During training, model checkpoints will be automatically saved to the `checkpoints/exp_<experiment_name>/` directory, where the experiment name is generated automatically based on the configuration.

### Evaluate the Model

Evaluate the model's performance on the test set, outputting BLEU-1, BLEU-2, BLEU-3, BLEU-4, and Perplexity scores:

```bash
python evaluation.py model_path=<checkpoint_path>
```

Example:
```bash
python evaluation.py model_path=checkpoints/exp_abs_pos_ln_bs32_lre4/checkpoint_best.pth
```

### Inference for Translation

Use the trained model for single-sentence or batch translation:

```bash
python inference.py
```

Or specify the model path:
```bash
python inference.py model_path=<checkpoint_path>
```

## Configuration

### Training Configuration (`configs/train.yaml`)

Key configuration items:

- **Model Parameters**:
  - `D_MODEL`: Model dimension (default: 256)
  - `NHEAD`: Number of attention heads (default: 8)
  - `NUM_ENCODER_LAYERS`: Number of encoder layers (default: 4)
  - `NUM_DECODER_LAYERS`: Number of decoder layers (default: 4)
  - `DIM_FEEDFORWARD`: Feed-forward network dimension (default: 1024)
  - `DROPOUT`: Dropout rate (default: 0.1)
  - `MAX_LEN`: Maximum sequence length (default: 128)

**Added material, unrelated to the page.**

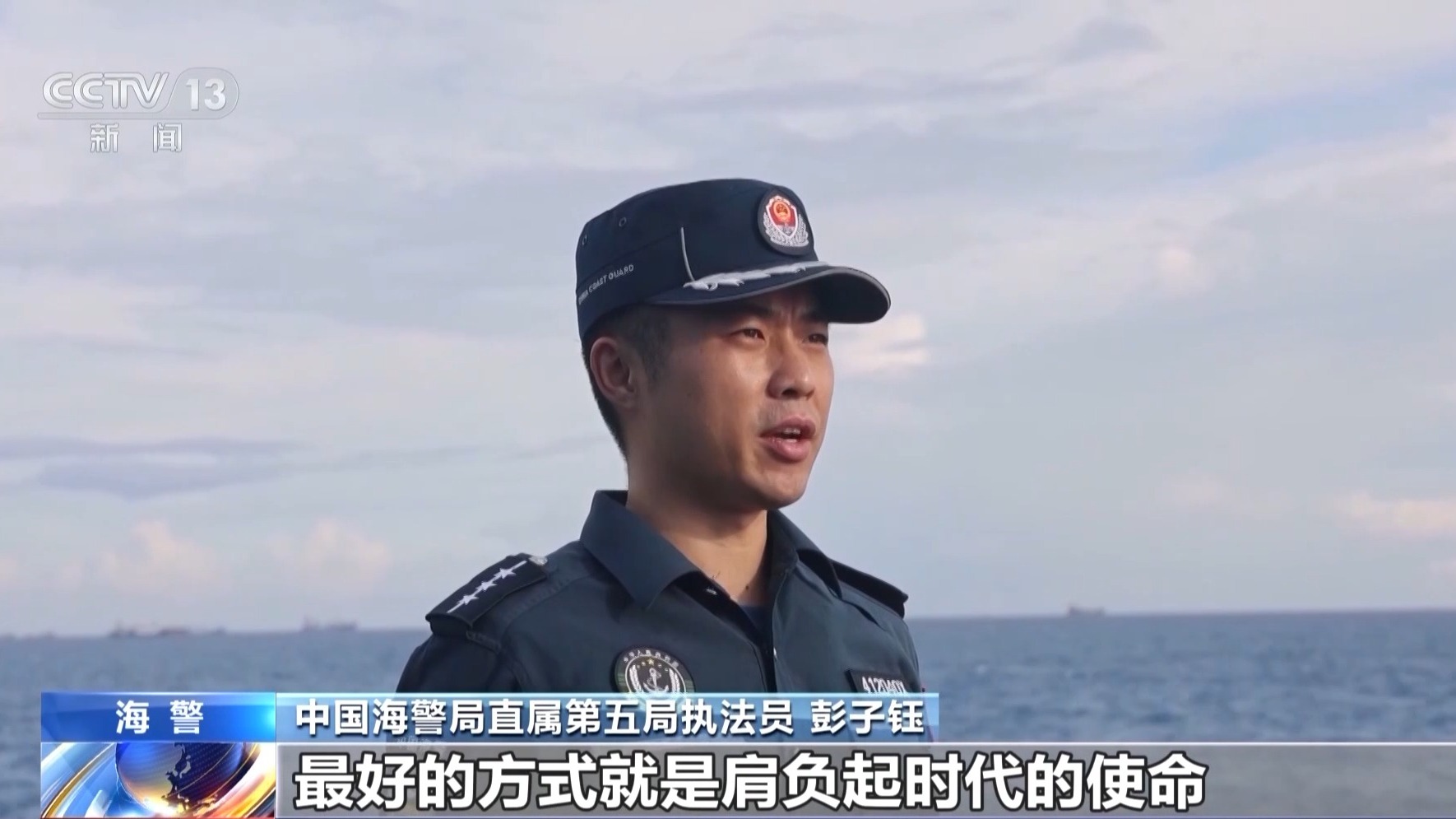 中國(guó)海警局直屬第五局執(zhí)法員 彭子鈺:紀(jì)念九一八,最好的方式就是肩負(fù)起時(shí)代的使命。我們堅(jiān)守在海上維權(quán)執(zhí)法第一線(xiàn),就是要用實(shí)際行動(dòng)告慰先烈:祖國(guó)的萬(wàn)里海疆,有我們?cè)?,?qǐng)人民放心!

- **Training Parameters**:
  - `BATCH_SIZE`: Batch size (default: 64)
  - `LEARNING_RATE`: Learning rate (default: 1e-5)
  - `NUM_EPOCHS`: Number of training epochs (default: 30)
  - `CLIP_GRAD`: Gradient clipping threshold (default: 5.0)
  - `LABEL_SMOOTHING`: Label smoothing coefficient (default: 0.1)

- **Ablation Experiment Parameters**:
  - `POS_ENCODING_TYPE`: Positional encoding type (`absolute` or `relative`)
  - `NORM_TYPE`: Normalization type (`layernorm` or `rmsnorm`)

## Features

- ✅ Complete Transformer architecture implementation
- ✅ Support for absolute and relative positional encoding
- ✅ Support for LayerNorm and RMSNorm
- ✅ Distributed training support (DDP)
- ✅ Mixed precision training (AMP)
- ✅ Automatic experiment management and checkpoint saving
- ✅ Comprehensive evaluation metrics (BLEU-1/2/3/4, Perplexity)
- ✅ Training process visualization
- ✅ Numerical stability optimization (NaN detection and handling)

## Acknowledgement

Thanks to the following repositories and projects:

- [BERT-pytorch](https://github.com/codertimo/BERT-pytorch)
- [Neural-Machine-Translation-Based-on-Transformer](https://github.com/piaoranyc/Neural-Machine-Translation-Based-on-Transformer)
- ⭐ [Transformer-NMT-Translation](https://github.com/Kwen-Chen/Transformer-NMT-Translation)
- [T5-base](https://huggingface.co/google-t5/t5-base/tree/main)
- [Text-to-Text Transfer Transformer](https://github.com/google-research/text-to-text-transfer-transformer)

## License

This project is for educational and research purposes only.